Given a standard 24-patch MacBeth color checker in the 3D scene, the pixel correspondence of them among multi-camera array is easily extracted, as shown in Fig. 3(b). After that, the mean of each patch is calculated as an input point, and then $M_{3\times 3}$ is output from MLP consisting of five fully connected layers, as shown in Fig. 3(c). Finally, the input points perform matrix multiplication with $M_{3\times 3}$ to generate the color-calibrated points, and the $L_1$ loss function is used to learn the CCM as

(9)$$L_{color}=\left|\left|M_{3\times 3}P_{input} - P_{ref}\right|\right|_1,$$

where $P_{input}$ and $P_{ref}$ are the input and reference points, respectively.

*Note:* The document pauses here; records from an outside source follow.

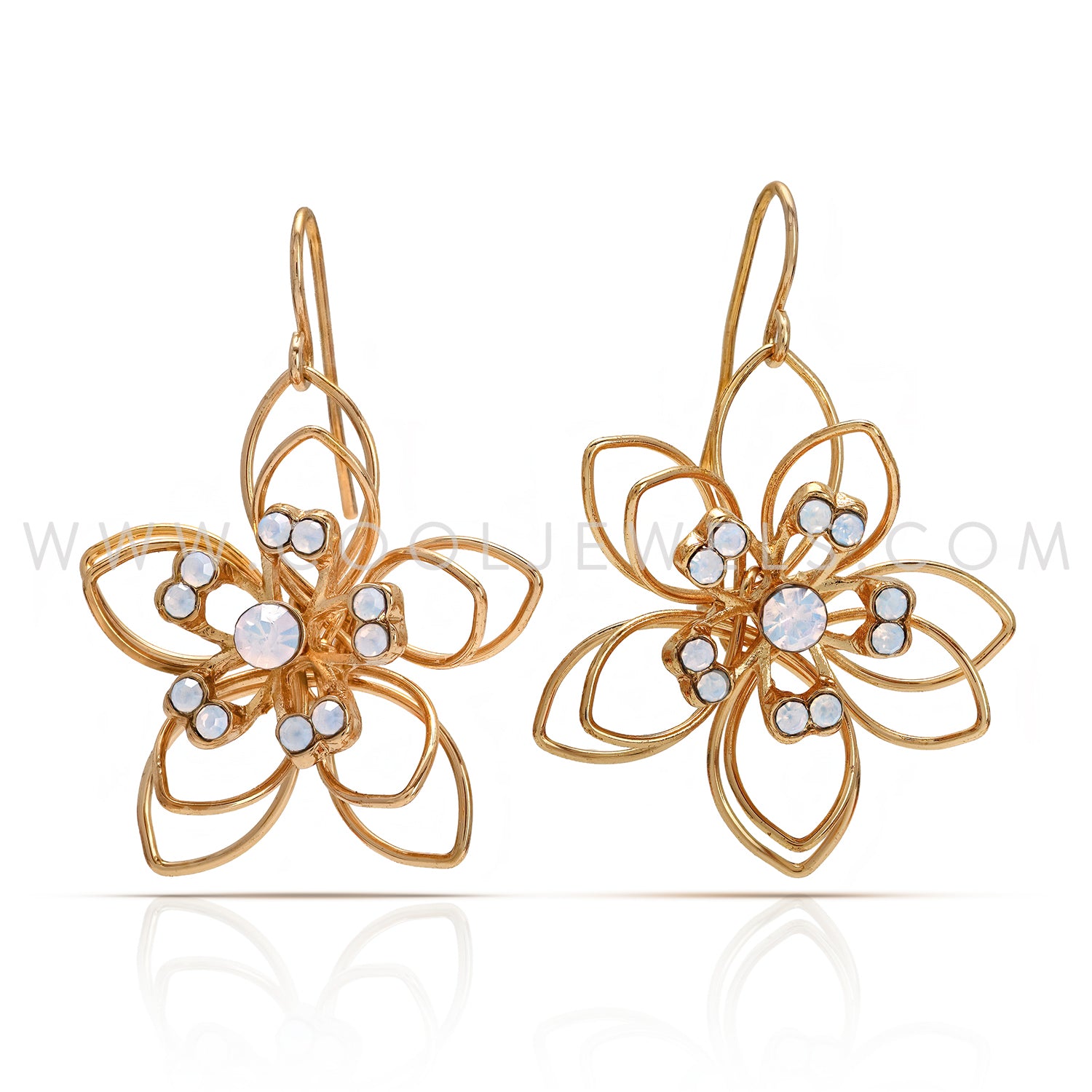 GOLD FISH HOOK EARRING WITH METAL FLOWER
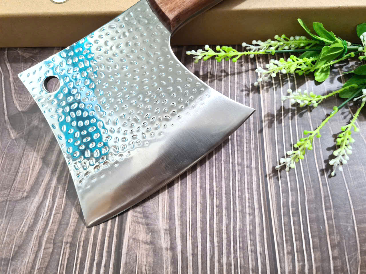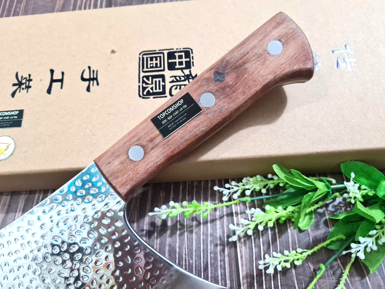 - Chức năng: Chặt xương ống, chân giò, trâu bò - Kích thước: Lưỡi: 22cm, cán: 10cm, rộng: 10cm, dầy: 5ly, trọng lượng: 800g - Cán : Gỗ mun, Khâu đồng đỏ , chốt đinh
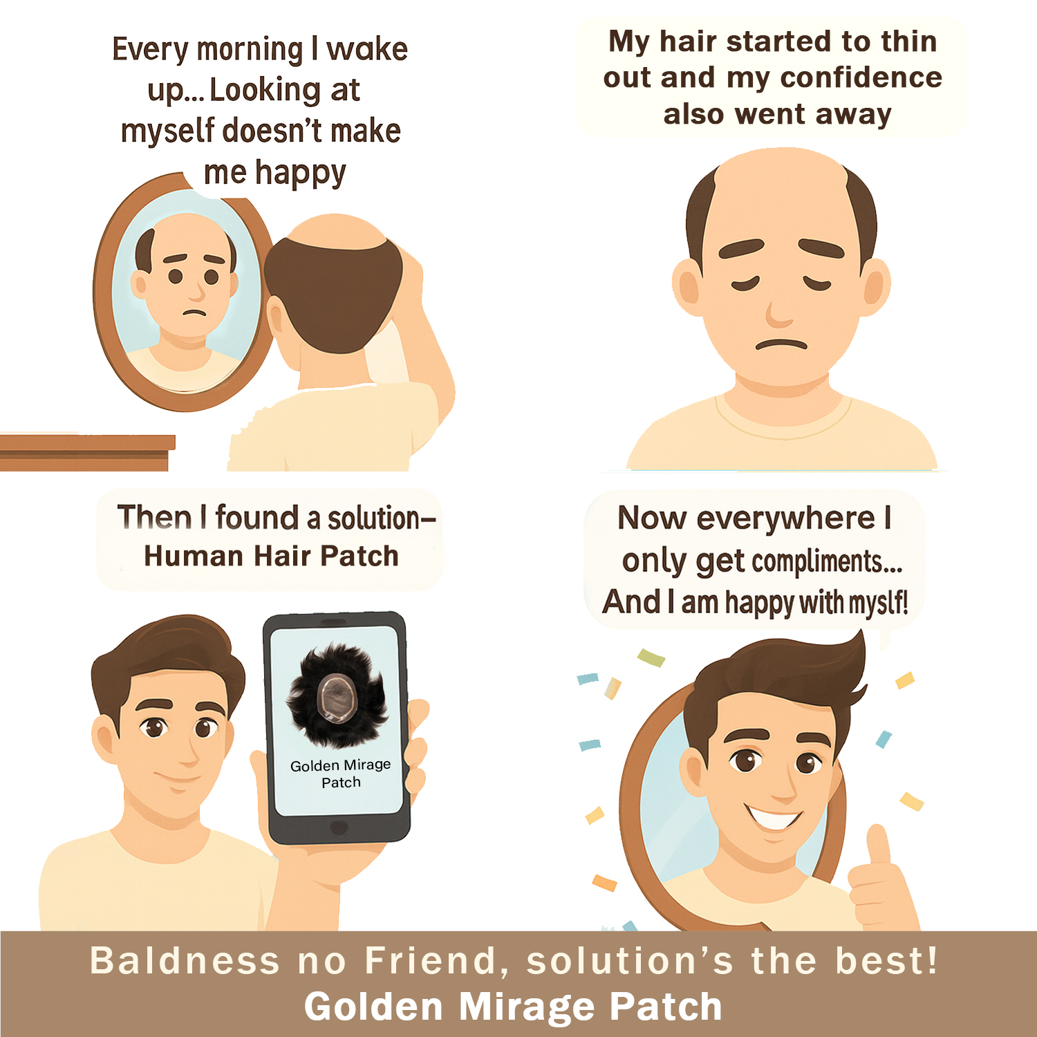 The Golden Mirage Patch is designed to offer refined hair coverage with a smooth, natural-looking finish and comfortable wear. Its base is crafted to sit flat on the scalp, supporting a neat fit and easy styling when adjusted properly. The patch helps enhance overall appearance by providing balanced coverage and a polished look suitable for daily wear, professional use, or special occasions. The Golden Mirage Patch is 2practical choice for those seeking a well-finished hairstyle with comfort and confidence.

2.3 Homography transformation

After color calibration, the sparse images have the same color. However, since the position of the multi-camera array cannot guarantee horizontal alignment, it is significant to eliminate the vertical disparity prior to performing virtual view synthesis. In this paper, a chessboard is used to provide four-corner points on different images, and a homography matrix can be calculated by solving

(10)$$\left(\mathbf{c}_{t_{1}}, \mathbf{c}_{t_{2}}, \mathbf{c}_{t_{3}}, \mathbf{c}_{t_{4}}\right) = H_{3\times 3}\left(\mathbf{c}_{i_1}, \mathbf{c}_{i_2}, \mathbf{c}_{i_3}, \mathbf{c}_{i_4}\right),$$

where $\mathbf {c}_t = (x_t, y_t, 1)^T$ and $\mathbf {c}_i = (x_i, y_i, 1)^T$ represent the corner points of target image and source image, respectively, and $H_{3\times 3}$ denotes the homography matrix. With solved $H_{3\times 3}$, the sparse images can be aligned horizontally.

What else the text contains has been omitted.